I have never once sold a house (only bought one once), but with matters like these, which concern large amounts of money, I would definitely hold them off until you do get hold of your realtor.
I would say to myself, regarding someone that offers to pay cash for such thing as my house: “What could possibly go wrong?”
Lots.

ItalianPrincess1217's avatar

@rebbel I agree. I wish she would return my calls so I could figure this out in case it happens to be legitimate.

rebbel's avatar

If they want the house so desperately, they’ll wait until you get back to them (then, prepared and wiser).

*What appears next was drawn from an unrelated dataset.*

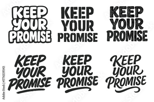 © Coosh448, Fototapeta premium Harmonious Lettering Styles. Keep your promise. Set lettering. harmonious lettering variations of the same emblematic concept, each with different artistic

ItalianPrincess1217's avatar

@rebbel The last thing they said was “Keep me updated, I want to close ASAP”. So again, the urgency makes me uneasy.

canidmajor's avatar

I have bought three and sold two houses in my time, and I absolutely wouldn’t trust this situation. Maybe I’m a futsy old prude, but I believe that this quicky offer thing is just a bit too odd.

Of course, I prefer the realtor to do all the work.

rebbel's avatar

They sound (from that sentence alone already) like they want it very much (which is in itself is a weird negotiation tactic, I would think), so again, tell them that you will get back to them later.
If this is a bonafide transaction in the make, they can easily wait a bit, and it would make your position strong.
Actually, I would want to tell you that you can lean back and relax.
Even if this all leads to nothing (with these potential buyers) it can be a sign that your house is desirable.
Relax.

chyna's avatar

You’ve signed on with a realtor. You can’t go around the realtor and sell your house. That would be unethical and taking her commission away from her.
Don’t talk to the other party again. Give the information to your realtor and let her handle it from here out.
I don’t know if it’s a scam, but this is a good reason to have a realtor and a lawyer for closing.

janbb's avatar

Tell them to show your realtor the money.

chyna's avatar

@janbb has been watching Tom Cruise movies again. :-)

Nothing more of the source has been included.